Semiconfluent (60–70%) monolayers were washed with PBS and fixed with 2% paraformaldehyde in PBS. After fixation, cells were rinsed three times with PBS, and non-specific sites were blocked for 1 h in 2% BSA. Cells were incubated with anti-HSP27 (1:200 in 2% BSA) for 1 h at 4°C. The primary antibody was recognized by Alexa 488-conjugated secondary antibody. Finally, the stained cells were analyzed with a confocal laser scanning microscope.

MitoTracker Red staining

Coverslips with adherent cells were stained with MitoTracker Red, which was prepared in dimethyl sulfoxide and then added to the cell culture medium at a final concentration of 1 µmol/l. After 15- to 30-min incubation at 37°C, the cells were washed with PBS and fixed with methanol at −20°C for 30 min. Finally, the coverslips were analyzed by confocal microscopy as described before. Images were collected using a digital camera

Confocal microscopy

The samples used for confocal microscopy were processed as described above, and confocal scanning laser microscopy was performed with a Leica TCS SP2 AOBS microscope, using a ×63 objective. The specificity of the labeling techniques was proven by the absence of labeling when the primary or the secondary antibodies were omitted.

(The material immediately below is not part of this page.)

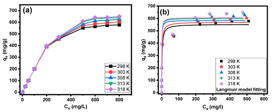 Figure 6a and Figure 7a illustrate the impacts of the initial concentration and solution temperature of the CV dye on its sorption by PPAC and S-PPAC. At different temperatures, the adsorption capacities of PPAC and S-PPAC increase linearly in concentration ranges of 25 to 200 mg/L and 25 to 300 mg/L, respectively. This shows that the CV dye was totally eliminated at this concentration range. At concentrations higher than 200 mg/L for PPAC and 300 mg/L for S-PPAC, the adsorption capacity continues to increase with increasing concentration and temperature. The observed behaviors can be explained by the presence of a significant driving force during the adsorption process, which is characterized by high initial concentrations. The saturation adsorption of CV dye onto PPAC approaches a condition of near-constancy at 600 mg/L, while S-PPAC reaches equilibrium at 700 mg/L. This shows that S-PPAC has more adsorption sites on its surface than PPAC. At a concentration of 800 mg/L for the CV dye, the maximum adsorption capacities are 578, 604, 626, 640 and 650 at 298, 303, 308, 313 and 318 K, respectively, for PPAC. In contrast, the adsorption capacities are 706, 720, 754, 790 and 810 mg/g at 298, 303, 308, 313 and 318 K, respectively, for PPAC. This behavior indicates that the adsorption process is an endothermic process, and its increase facilitates the penetration of the dye into the pores of PPAC and S-PPAC.

Transfection of short interfering RNA

Transfection was performed with a culture cellular density reaching 40–60% confluence with HSP27 siRNA according to the manufacturer’s (NEB) instructions. Briefly, TransPass R2 transfection reagent was mixed with HSP27 siRNAs. The mix was maintained 20 min at room temperature. The C2C12 cells were incubated with the transfection mixture for 24 and 48 h at room temperature. To estimate the transfection efficiency of siRNA, 10–30 pmol of fluorescein-siRNA was used following NEB's protocol. Cells were then visualized in a conventional fluorescence microscope. To evaluate the effective silencing of HSP27, total protein lysates from cells transfected with HSP27 siRNA or TransPass R2 reagent alone (controls) were tested for HSP27 expression by Western blot analysis as described above using anti-HSP27 monoclonal antibody. The specificity of the siRNA probe was also checked by immunoblotting with anti-HSP90 monoclonal antibody.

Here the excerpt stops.